Available data
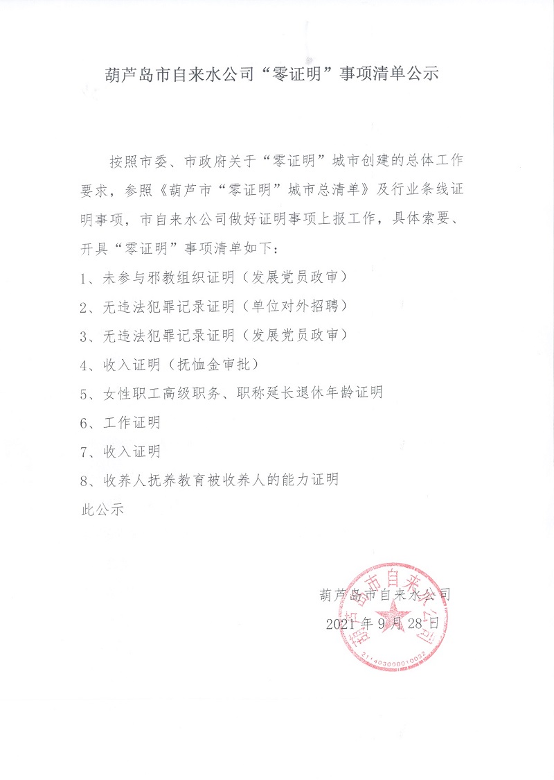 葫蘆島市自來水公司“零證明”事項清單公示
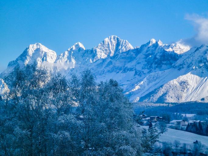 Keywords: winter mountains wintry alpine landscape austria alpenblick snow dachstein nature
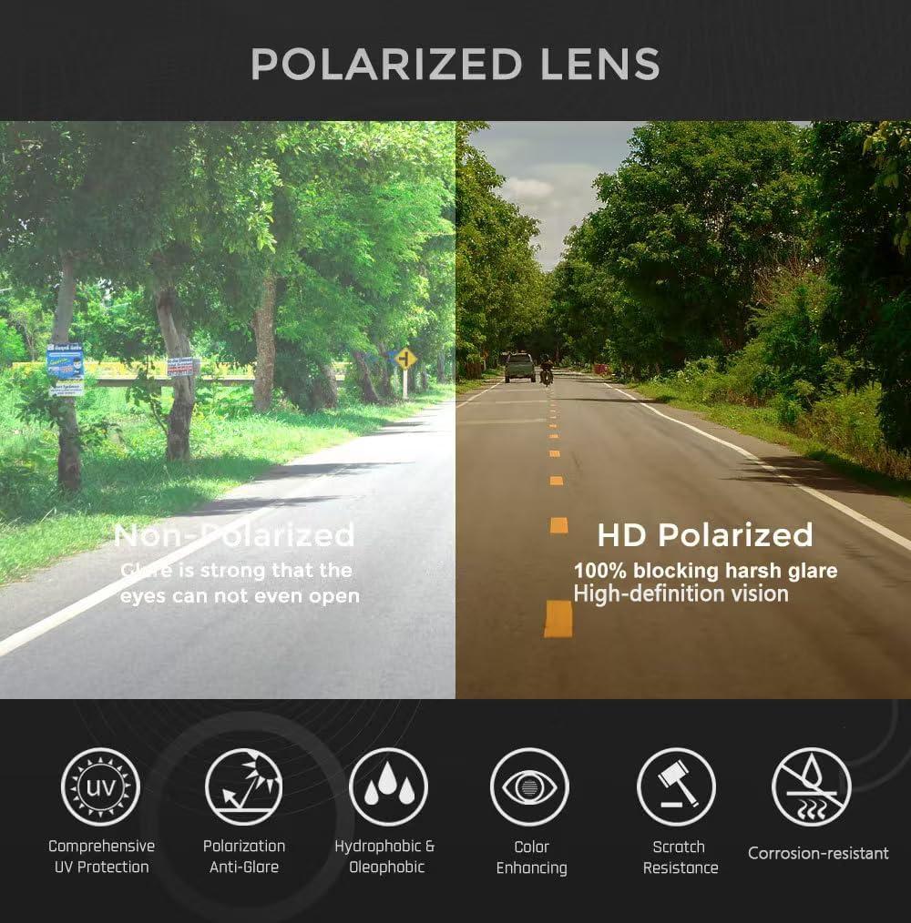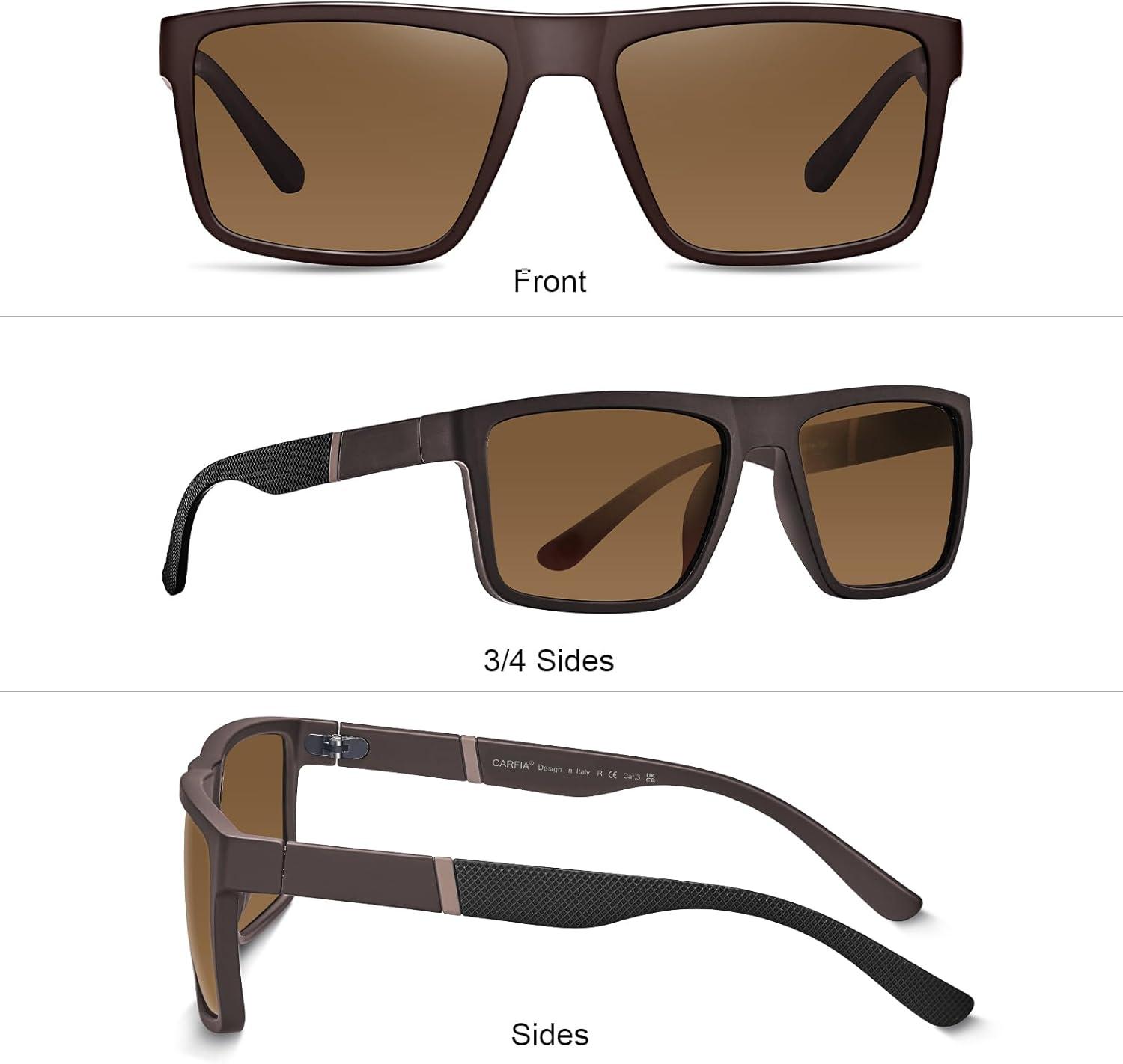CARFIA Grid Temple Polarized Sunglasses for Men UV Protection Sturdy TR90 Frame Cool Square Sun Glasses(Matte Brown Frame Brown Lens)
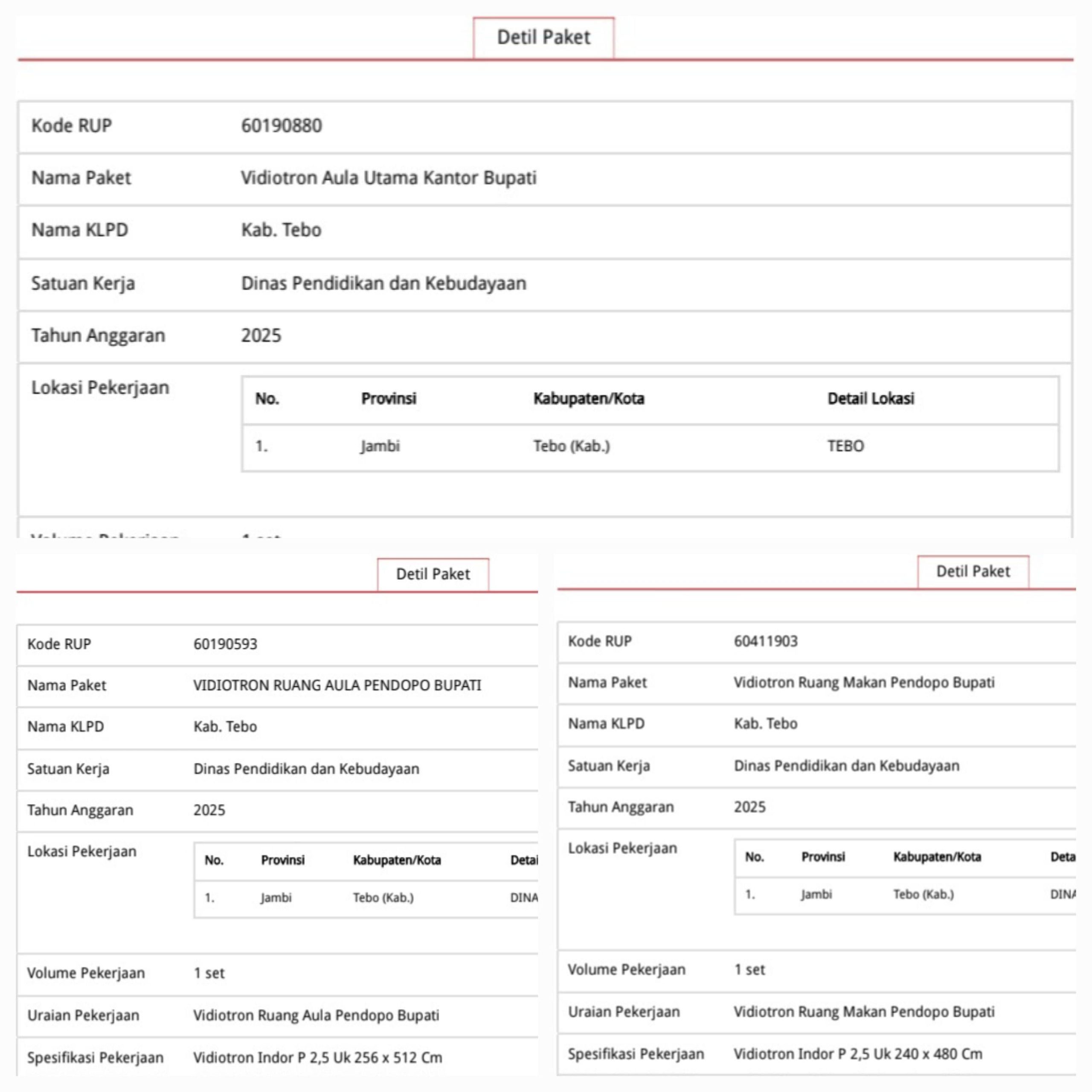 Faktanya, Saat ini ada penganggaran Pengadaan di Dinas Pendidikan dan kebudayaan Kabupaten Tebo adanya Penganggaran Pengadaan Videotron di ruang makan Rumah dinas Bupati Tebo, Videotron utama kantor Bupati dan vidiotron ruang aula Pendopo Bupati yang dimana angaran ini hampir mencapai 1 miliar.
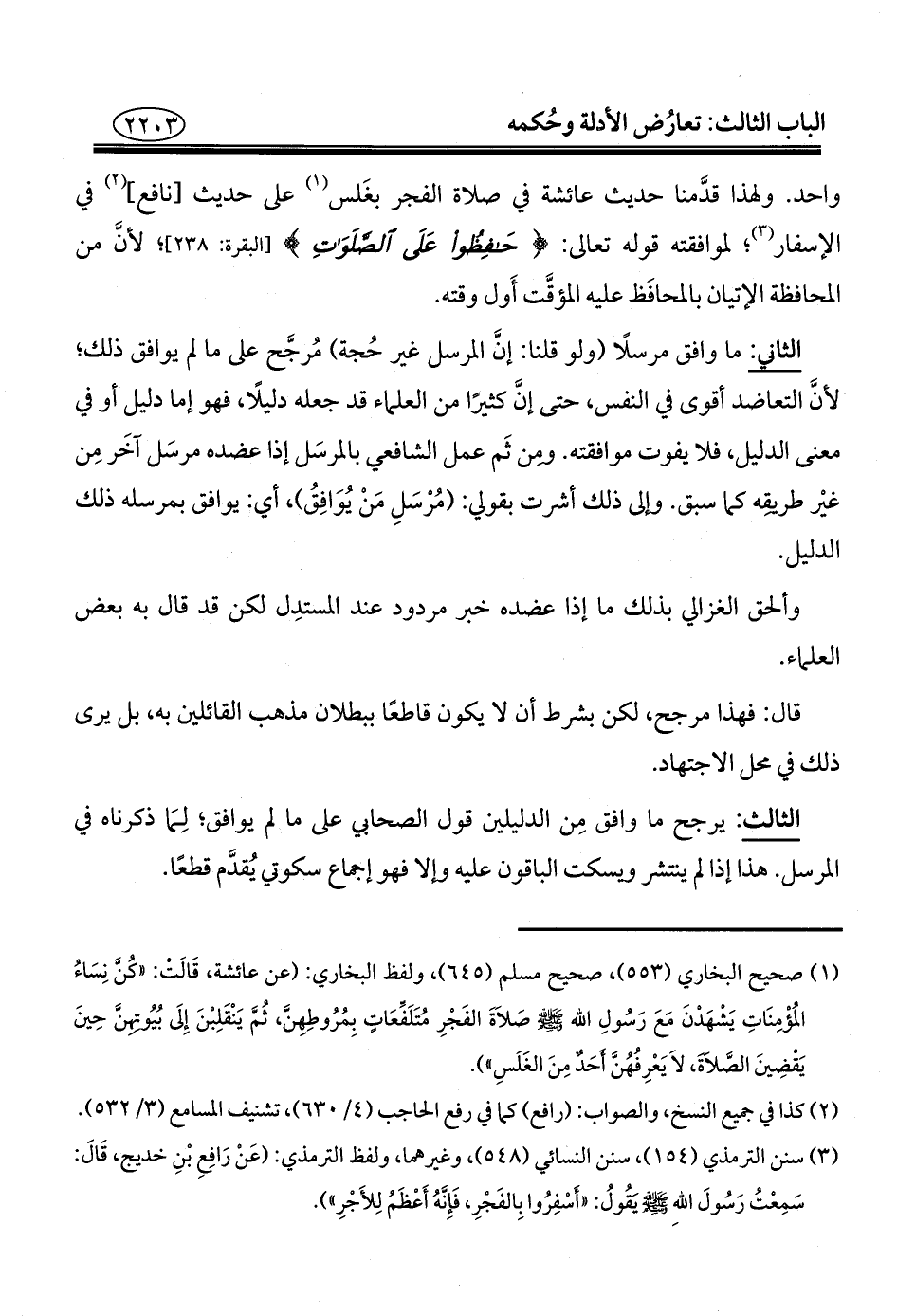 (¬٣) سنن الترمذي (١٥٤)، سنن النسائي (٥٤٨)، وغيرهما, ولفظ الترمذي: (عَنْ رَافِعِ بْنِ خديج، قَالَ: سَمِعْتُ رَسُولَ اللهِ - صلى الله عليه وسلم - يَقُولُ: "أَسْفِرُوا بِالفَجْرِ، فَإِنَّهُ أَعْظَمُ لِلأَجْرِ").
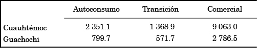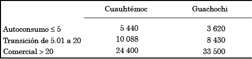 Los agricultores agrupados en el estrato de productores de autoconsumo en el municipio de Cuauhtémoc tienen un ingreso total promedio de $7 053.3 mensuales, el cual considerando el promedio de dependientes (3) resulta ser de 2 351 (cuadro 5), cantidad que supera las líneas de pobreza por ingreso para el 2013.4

Aim of the exercise
The response should reproduce all the material above exactly and leave out its pictures.

Task result
 葫蘆島市自來水公司“零證明”事項清單公示
 Keywords: winter mountains wintry alpine landscape austria alpenblick snow dachstein nature
CARFIA Grid Temple Polarized Sunglasses for Men UV Protection Sturdy TR90 Frame Cool Square Sun Glasses(Matte Brown Frame Brown Lens)
 Faktanya, Saat ini ada penganggaran Pengadaan di Dinas Pendidikan dan kebudayaan Kabupaten Tebo adanya Penganggaran Pengadaan Videotron di ruang makan Rumah dinas Bupati Tebo, Videotron utama kantor Bupati dan vidiotron ruang aula Pendopo Bupati yang dimana angaran ini hampir mencapai 1 miliar.
 (¬٣) سنن الترمذي (١٥٤)، سنن النسائي (٥٤٨)، وغيرهما, ولفظ الترمذي: (عَنْ رَافِعِ بْنِ خديج، قَالَ: سَمِعْتُ رَسُولَ اللهِ - صلى الله عليه وسلم - يَقُولُ: "أَسْفِرُوا بِالفَجْرِ، فَإِنَّهُ أَعْظَمُ لِلأَجْرِ").
 Los agricultores agrupados en el estrato de productores de autoconsumo en el municipio de Cuauhtémoc tienen un ingreso total promedio de $7 053.3 mensuales, el cual considerando el promedio de dependientes (3) resulta ser de 2 351 (cuadro 5), cantidad que supera las líneas de pobreza por ingreso para el 2013.4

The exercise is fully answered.